- WORK TO BE COMPLETED: Reproduce only this range: the line holding "融合保险、健康、商城等多项服务,满足日常保障消费与健康养护多重需求。" through the last line of the data below, both included, exactly, with no pictures.

··· GIVEN DATA ···

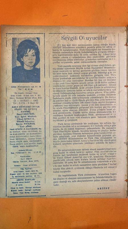 ARTİST SİNEMA, FİLM, TİYATRO, SES, SOSYETE MAGAZİN MECMUASI DERGİSİ - 13 ŞUBAT 1962 SAYI: 82 ÇOLPAN İLHAN - AYHAN IŞIK - NERİMAN KÖKSAL - ESREF EKİCİGİL - YÜCEL KÖKSAL - RECEP EKİCİGİL - VECDİ BURUN - P. KANDEMİR - SADETTİN DOĞAN - YÜCEL ÖZTURAN - ZERİA KARADENİZ - ALTAN KARAKURT - ORHAN KUYUCAKLI - GALİP ÖRGE - VECDİ BENDERLİ - COŞKUN ÖZER - NECMİ ONUR - BAHA GELENBEVİ - TUNCA AKSOY - LEON SASON - YAŞAR ÖZEN - MÜFİT GARİBOĞLU - NAIL YURDAKUL - SAYIL EMAN - OSMAN ÖZCAN - YÜCEL KÖKSAL - SÜHA DOĞAN - ALAETTİN YAVAŞÇA - EFGAN EFEKAN - TÜRKAN ŞORAY - LEYLA SAYAR - HÜSEYİN BARADAN - ATIF KAPTAN - SALİH TOZAN - SEMİH SEZERLİ - ŞAKİR ARSEVEN - İHSAN DEVRİM - YAVUZ CENER - DURSUNE ŞİRİN - MUAMMER GÖZALAN - ÖZDEMİR HAN - ANDRE HUNEBELLE - JEAN MARAIS - ROSSANA SCHIAFFINO - JEAN LOUIS BARRAULT - GÖKSEL ARSOY - GÖNÜL BEYHAN - KADİR SAVUN - AHMET MEKİN - MUHTEREM NUR - IŞIN KAAN - BELGİN DORUK - BEDRİ ÖZDEMİR - ÖZCAN TEKGÜL - ENVER KURÇ - CEMAL GÜVEL - ŞEVKET TEMEL - NAZIM A - TAM TAKIM - 38 SAYFA adlı eser, Kitap > Süreli Yayınlar > Dergiler > Magazin, Moda kategorisinde İkinci El olarak satıştadır.
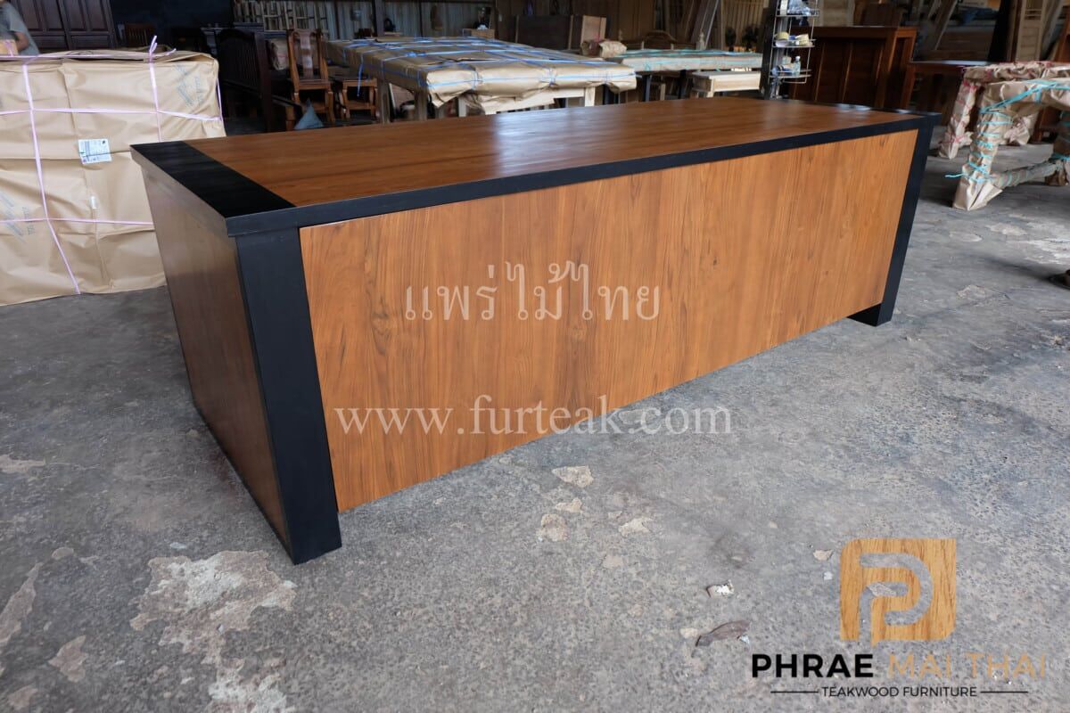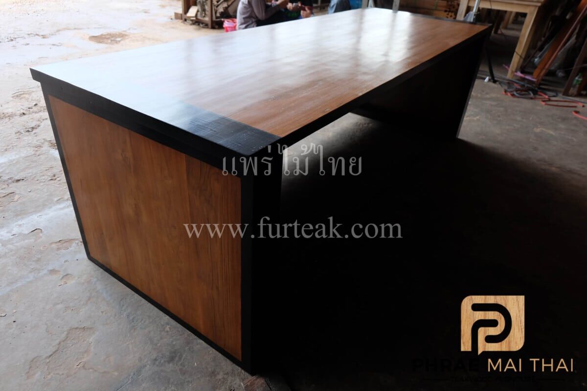 โต๊ะทำงาน LOFT STYLE เป็นไม้สักทั้งหมดคาดสีดำ ปกโต๊ะสีสักทองเป็นไม้สักทองอบแห้ง ซึ่งคุณสมบัติของไม้เป็นไม้เนื้อแข็งอายุตั้งแต่ 30 ปีขึ้นไป เราเลือกใช้ไม้สักที่มีคุณภาพและใช้กระบวนการอบไม้ จึงทำให้ไม้มีการคงสภาพ ความชื้นน้อย โอกาสไม้หด หรือ แตกงอน้อยมาก
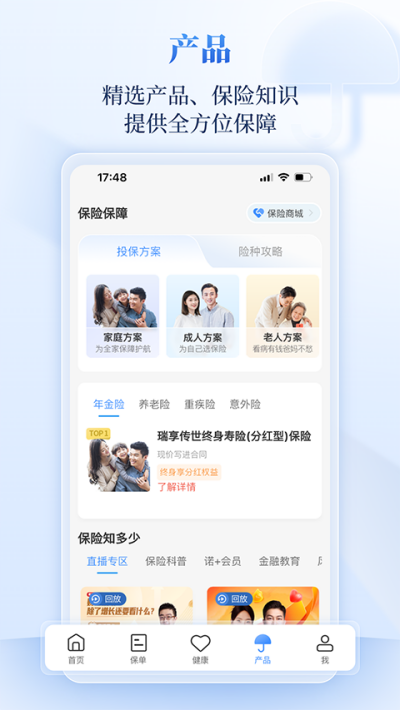 融合保险、健康、商城等多项服务,满足日常保障消费与健康养护多重需求。
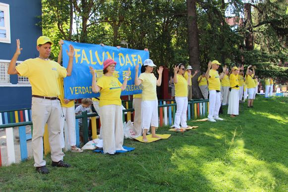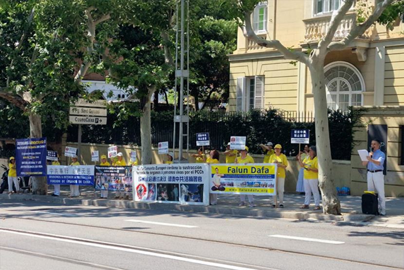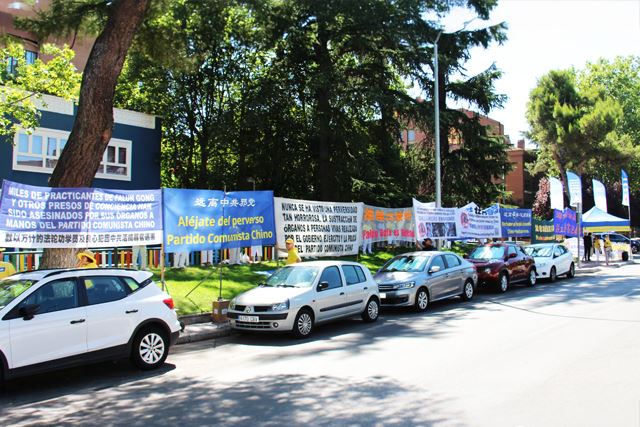 在马德里和巴塞罗那中使领馆前,法轮功学员静静地举着横幅,一面面醒目的横幅、标语牌、真相图板和传单都在告知世人中共侵犯信仰自由、非法关押、酷刑折磨甚至活摘器官、残暴迫害法轮功学员的种种罪恶行径。同时法轮功学员通过展示优美舒缓的法轮功五套功法向人们传递着法轮大法的美好。

···

- EXERCISE OUTPUT:
 融合保险、健康、商城等多项服务,满足日常保障消费与健康养护多重需求。
 在马德里和巴塞罗那中使领馆前,法轮功学员静静地举着横幅,一面面醒目的横幅、标语牌、真相图板和传单都在告知世人中共侵犯信仰自由、非法关押、酷刑折磨甚至活摘器官、残暴迫害法轮功学员的种种罪恶行径。同时法轮功学员通过展示优美舒缓的法轮功五套功法向人们传递着法轮大法的美好。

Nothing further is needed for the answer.